L. monocytogenes expresses several virulence proteins [15], including Internalin A (InlA), which promotes bacterial adhesion and invasion of the host cell [15]. InlA possesses N-terminal AZD8931 chemical structure leucine-rich repeats that facilitate anchoring to the bacterial cell wall, while the most distal extracellular

domain binds to E-cadherin, which is crucial for host cell–cell adhesion and maintenance of tissue architecture. Both pathogenic and non-pathogenic Listeria species can be found in the same environment or food [16]. However, when an enrichment step is used, the non-pathogenic species may overgrow and outcompete L. monocytogenes[17–19], leading to false-negative AZD2171 supplier results.
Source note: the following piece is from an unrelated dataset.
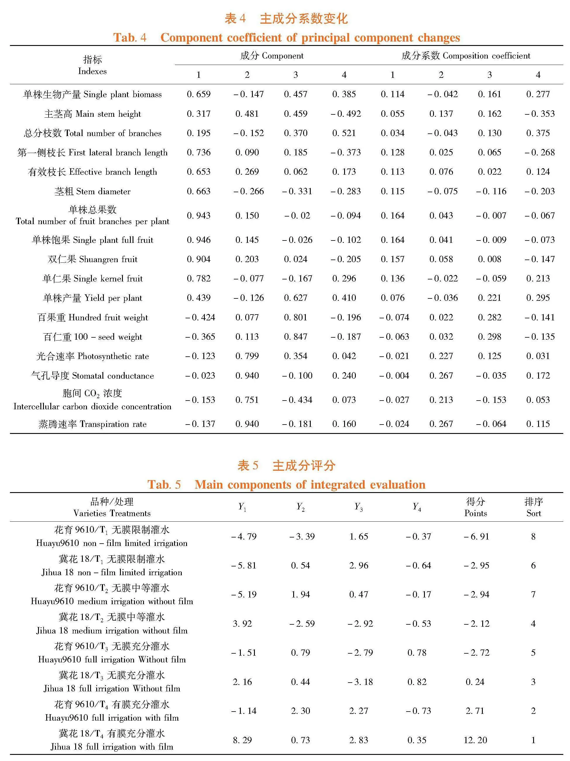 研究表明,根据初始特征值大于1的原则,提取前4个主成分,其累计方差贡献率达79.49%,提取的4个主成分可以解释原有指标。主成分1综合了单株总果数、单株饱果、双仁果,贡献率分别为94.3%、94.6%和90.4%;主成分2综合了光合速率、气孔导度、蒸腾速率,贡献率分别为79.9%、94%和94%;主成分3百果重和百仁重贡献率分别为80.1%和84.7%;主成分4综合了主茎高和总分支数,贡献率分别为49.2%和52.1%。表3,表4

L. innocua is the most frequently found bacteria in Listeria-contaminated foods [17, 20], thus presenting a challenge for the specific capture and detection of pathogenic Listeria[21]. Hence, it is essential to develop methods that are capable of detecting pathogenic species in the presence of non-pathogenic species. Immunological approaches to detect pathogens in food are attractive; however, assay performance depends

on the quality and specificity of the antibodies used [14, 22]. For detection of Listeria, two types of assay specificities are desired: Listeria genus- or L. monocytogenes-specific tests. Anti-Listeria antibodies available from research laboratories or commercial vendors are associated with problems of low affinity [23], reaction to heterologous antigens [24, 25], lack of reaction towards all serotypes of L.
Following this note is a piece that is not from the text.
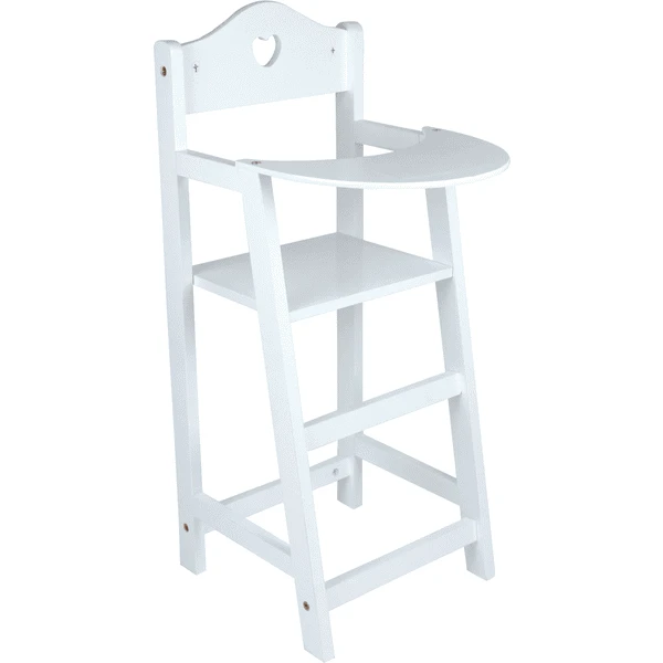 De stoel is wit gelakt en versierd met een kleine uitsnede in de vorm van een hart.

monocytogenes[23, 26–28], lack of reaction due to physiological stress induced by growth media or assay parameters [29, 30], LY3023414 clinical trial and lack of compatibility with certain bioassay platforms [14, 22, 31]. Thus, there is a need for continued efforts to produce high-quality antibodies. The recovery of low numbers of pathogens from complex food matrices also impedes their rapid and sensitive detection [31, 32]. Antibodies are routinely used as affinity ligands to separate and concentrate the target analyte from sample matrices using paramagnetic beads (PMBs) [31–34] and also as recognition or reporter molecules on immunoassay platforms [31, 35, 36]. The PMB-captured cells may be presumptively identified by plating them on selective or differential media [37], or their identity may be confirmed O-methylated flavonoid by PCR [38, 39], flow cytometry [40], or cytotoxicity assay [41]. The use of a biosensor to detect cells captured by immunomagnetic separation (IMS) is an attractive approach due to increased speed, accuracy, and detection of a low number of targets [34, 42, 43]. Fiber-optic sensors utilize laser excitation to generate an evanescent wave in order to quantify biomolecules immobilized on an optical waveguide [31, 44, 45]. A capture antibody is immobilized on the waveguide and a fluorescent (Cyanine 5 or Alexa Fluor 647)-labeled second antibody is used as a reporter for the target analyte.